Тhe first picture is more like duct capacitor


----------



## Geo (Mar 5, 2014)

rucito said:


> Тhe first picture is more like duct capacitor



Can you give some examples and is this the technical name or a misnomer as i cant find any information on "duct capacitor".


----------



## Geo (Mar 5, 2014)

joubjonn said:


> thanks!! i really appreciate it. the problem was i had no idea what to search, now i do! worth retrieving the silver on those or is it too thin to mess with?



When weather will allow, I am working on a silver stripping cell using sodium thiosulfate that should make stripping silver plate profitable. Never toss or sell for copper any precious metal bearing components.


----------



## rucito (Mar 5, 2014)

Feed through capacitor


----------



## joubjonn (Mar 5, 2014)

I'll hold on to them. I have a few silver plated (and gold plated) BNC blocks, the ones with 4 screw holes.


----------



## g_axelsson (Mar 5, 2014)

Rucito is correct, it's an EMI feed through filter, for low frequency signals and power and usually have a small capacitor built in.

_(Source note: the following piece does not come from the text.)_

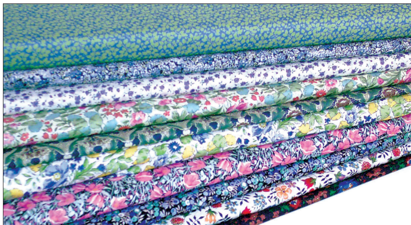
The clothing segment has gained prominence since the 1970s

industry spread across the country. Its growth rate has almost doubled over the last eight years and the knitted segment has grown faster than woven garments. The estimated production of this industry is about 8000 million pieces.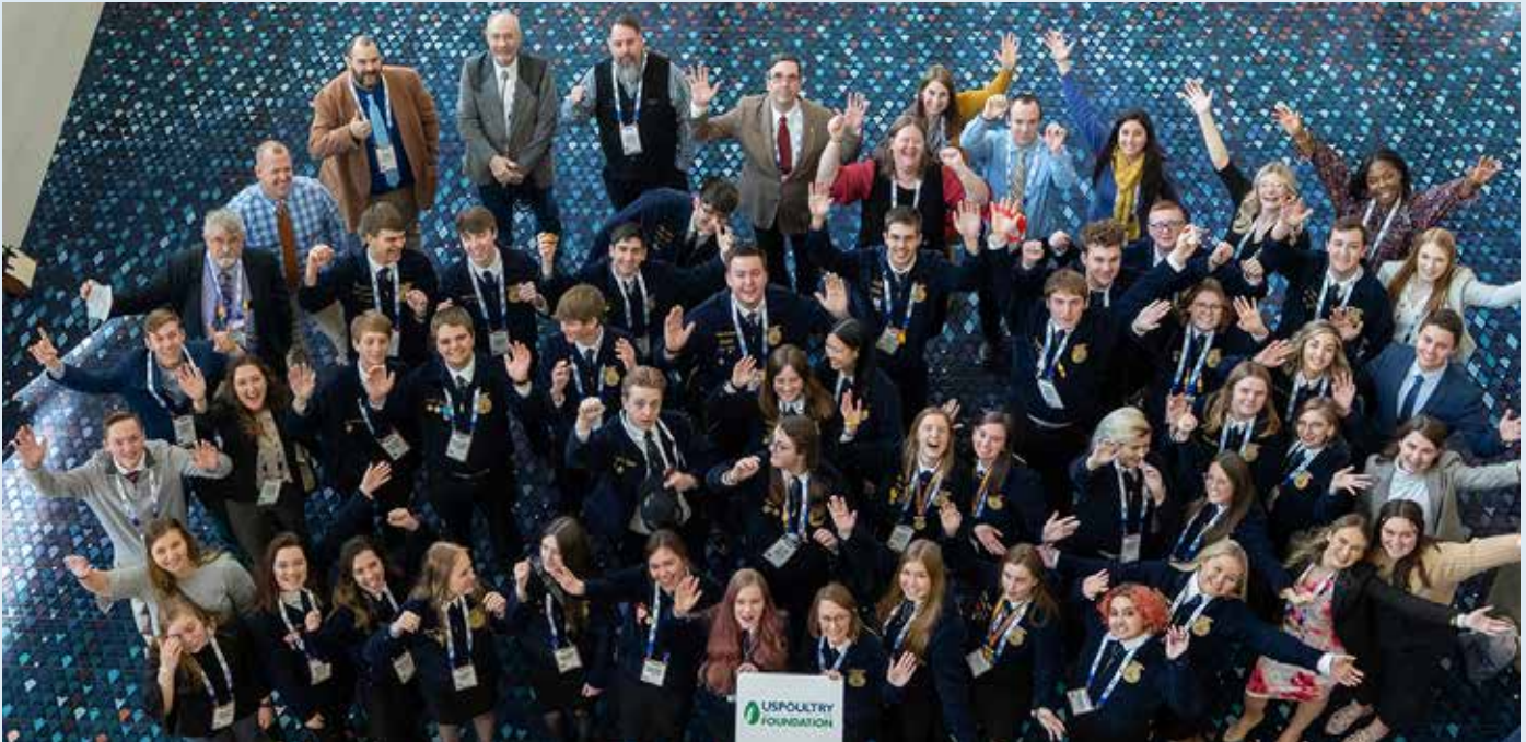
FFA students and advisors at the 2022 IPPE

As college students, they were provided the opportunity to participate in the USPOULTRY Foundation's College Student Career Program to interview for internship opportunities with poultry and egg industry member companies and exhibitors. The students were also able to explore the vast trade show floor to see the exciting technology used by today's modern, sustainable poultry industry.

Smash it with a hammer and you will find out that it is basically a wire that is isolated from the metal body. It could go through a ferrite bead, have an integrated capacitor or both forming a crude low pass filter. It keeps high frequency noise out or signals inside RF (radio frequency) devices.

The dead giveaway is that the wire is isolated from the body at both sides. A diode almost always have one side connected to the body and usually only ends in a bolt.

Example : EMI Feedthrough Filters 470pF
Göran


----------



## joubjonn (Mar 6, 2014)

I just took apart an old microwave transmitter. heavy thing, about 40 pounds. anyway it had 3 solid silver (plated?) blocks attached to some aluminum boxes with coax cables going in and out. silver blocks weigh about 100 grams. they are very tarnished on the outside. the underside that was attached to the unit is shiny clean. anyone ever see any solid
silver in a microwave radio ? I'll post a pic in the
morning. 


it's also full of gold plated coax ends. a bunch of them. I'm going
to make a mini sulfuric cell just for those to see the yield.


----------



## g_axelsson (Mar 7, 2014)

Always silver plate, never massive.

There is something that's called the skin effect. It means that radio and micro waves only travels on the surface on a conductor, not in the center. The higher the frequency the less deep the signal penetrates. That's why you often see silver plate in RF circuits.

Göran


----------



## joubjonn (Mar 7, 2014)

I was just reading about that last night before bed! also why many high power lines are aluminum and not copper because it's not effected by the skin effect as much. really interesting stuff. opposing magnetic fields and what not. sometimes I wish I switched majors in college to EE instead of ME. however a lot of my friends and my college girl friend were EE's (Kettering University Flint, MI aka the General Motors Institute) and I remember the nightmares they had and the bad prof's.


----------